Не надо тут мудрить! Бывает и так и этак! Если проскочит между вами ИСКРА--никакими доводами разума не потушишь!

----------


## Serj_2k

на первом можно по-хозяйски облапать друг-друга .... ну, кунилингус там ... петтинг ...

----------


## ПаранойА

Нашла тему "Секс на первом свидании".
И созрел вопрос, а что если свидания ради секса.
Ну например, пара:парень и девушка, встречаются только ради этого. У одного своя жизнь, у другого - своя.
Хорошо это или плохо? Почему?

----------


## SDS

это нормально, после 40-ка

----------


## Sanych

Если сами всё понимают, то да. Лишь бы детей не наделали. И трахайтесь себе на радость пока молоды, не на пенсии же отрываться по этому делу

----------


## Irina

Если обоих всё устраивает, то почему нет. Сколько людей так живёт, а уж сексуальных связей на стороне у людей, состоящих в браках, вообще не сосчитать.

----------


## Sanych

Irina, о ком то вы

----------


## Irina

*Sanych*,  не о себе, но ни для кого не секрет, что любовниц и любовников заводят и встречаются с ними именно ради секса)))

----------


## Sanych

А ещё из за денег. И тогда уже приятное с полезным можно сочетать.

----------


## Irina

Может и так быть)) Иногда от скуки и однообразия бегут, иногда, если оба одиноки, просто для здоровья встречаются, так сказать. Да мало ли причин?  Потому и однозначно ответить хорошо это или плохо просто невозможно.

----------


## Sanych

> просто для здоровья встречаются


Интересное объяснение

----------


## Irina

> Интересное объяснение


И так бывает. Допустим, это взрослые, свободные люди, которые уже не собираются создавать семью, но потребности в сексе ещё есть. Что им делать? К интим-услугам обращаться? Вот и находят себе партнёров для поддержания сексуальной формы и удовлетворения, которые составляют немалую часть нашего здоровья, как физического, так и душевного.

----------


## ПаранойА

Ну это не для здоровья, а скорей для "поддержания сексуальной формы и удовлетворения".

----------


## Irina

> Ну это не для здоровья, а скорей для "поддержания сексуальной формы и удовлетворения"

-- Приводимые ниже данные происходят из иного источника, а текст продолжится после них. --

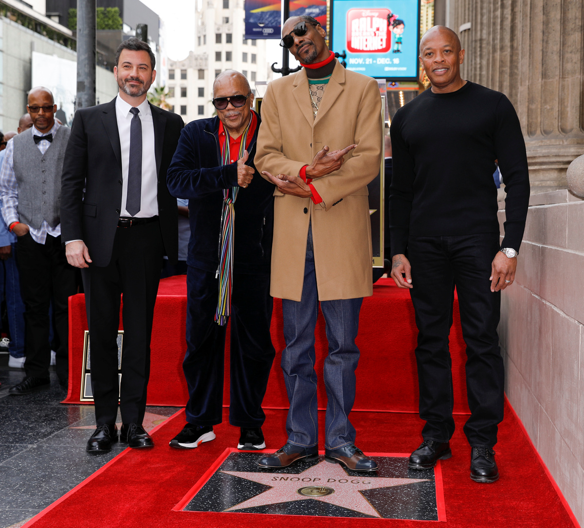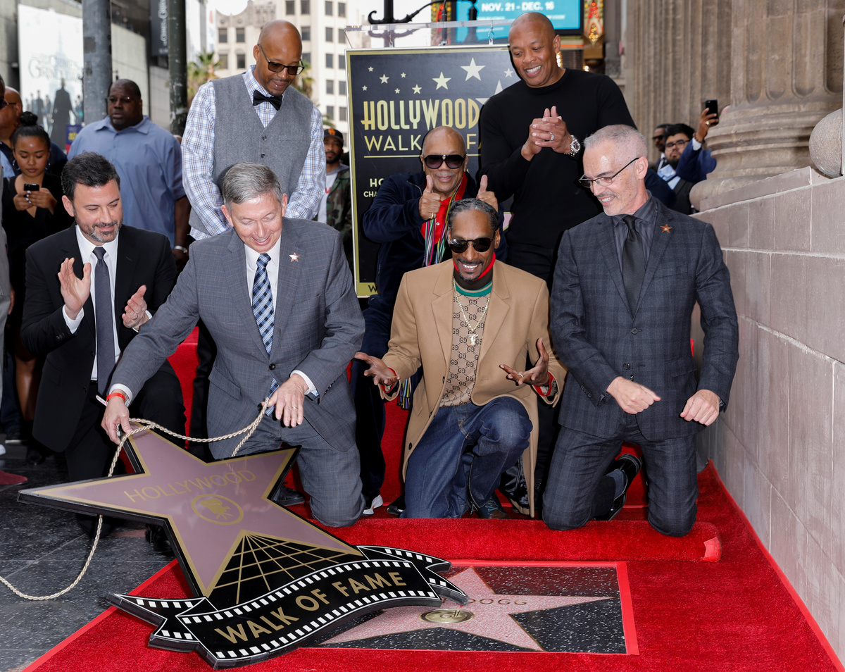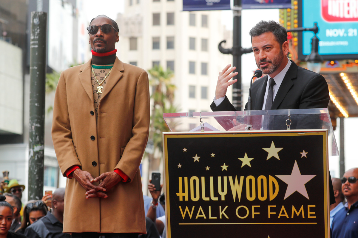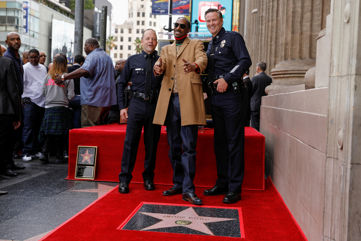 Rapper Snoop Dogg poses for a picture with his wife Shante Broadus after receiving his star on "Hollywood Walk of Fame" in Los Angeles, California, U.S., November 19, 2018. REUTERS/Mike BlakeRapper Snoop Dogg receives his star on the "Hollywood Walk of Fame" with Dr. Dre, Quincy Jones and Jimmy Kimmel in Los Angeles, California, U.S., November 19, 2018. REUTERS/Mike BlakeRapper Snoop Dogg receives his star on the "Hollywood Walk of Fame" in Los Angeles, California, U.S., November 19, 2018. REUTERS/Mike BlakeRapper Snoop Dogg receives his star on the "Hollywood Walk of Fame" with Dr. Dre, Quincy Jones and Jimmy Kimmel in Los Angeles, California, U.S., November 19, 2018. REUTERS/Mike BlakeRapper Snoop Dogg's star is seen on the "Hollywood Walk of Fame" in Los Angeles, California, U.S., November 19, 2018. REUTERS/Mike BlakeJimmy Kimmel introduces rapper Snoop Dogg as he receives his star on the "Hollywood Walk of Fame" in Los Angeles, California, U.S., November 19, 2018. REUTERS/Mike BlakeRapper Snoop Dogg poses with LAPD officers after receiving his star on the "Hollywood Walk of Fame" in Los Angeles, California, U.S., November 19, 2018. REUTERS/Mike Blake

Не знаю, но мне кажется люди, не получающие сексуальной разрядки, становятся нервными и раздражительными, а это как раз признаки нездоровья. Так что тут можно поспорить - секс и здоровье связаны или нет)))

----------


## ПаранойА

*Irina*, в принципе да. Но в основном нервные становятся мужчины)

----------


## SDS

*ПаранойА*, 
и откуда такие выводы?
если бабу ночью не доимеешь, она по утру - злая как чёрт.

----------


## ПаранойА

*SDS*, эмм.. грубовато сказано...
Ну не всех такие)
а у мужчин если  у них долго нет..эмм.. как бы это сказать...такой "разрядки", очень нервные.. не правда ли?

----------


## SDS

*ПаранойА*, 
возможно, но я ничего не понял

----------


## ПаранойА

*SDS*, Что конкретно Вы не поняли, при этом согласившись?

----------


## SDS

на бабу согласился, а дальше - полная непонятка

----------


## ПаранойА

Если у мужчины давно не было секса, он же становиться очень нервным. И большенство именно такие)

----------


## Irina

*Как заниматься сексом ради секса?*

1. Не вините себя. Если вас мучают хоть малейшие признаки вины, то секс ради секса не для вас. Если вы просыпаетесь в депрессии и вам тошно на себя смотреть, немедленно разорвите такие отношения. Смысл секса ради секса в том, что партнеры просто используют друг друга, пока не надоест. Он не будет дарить вам цветы, а она не позвонит, чтобы пожелать спокойной ночи. Если вы не готовы к этому, то такие эксперименты не для вас.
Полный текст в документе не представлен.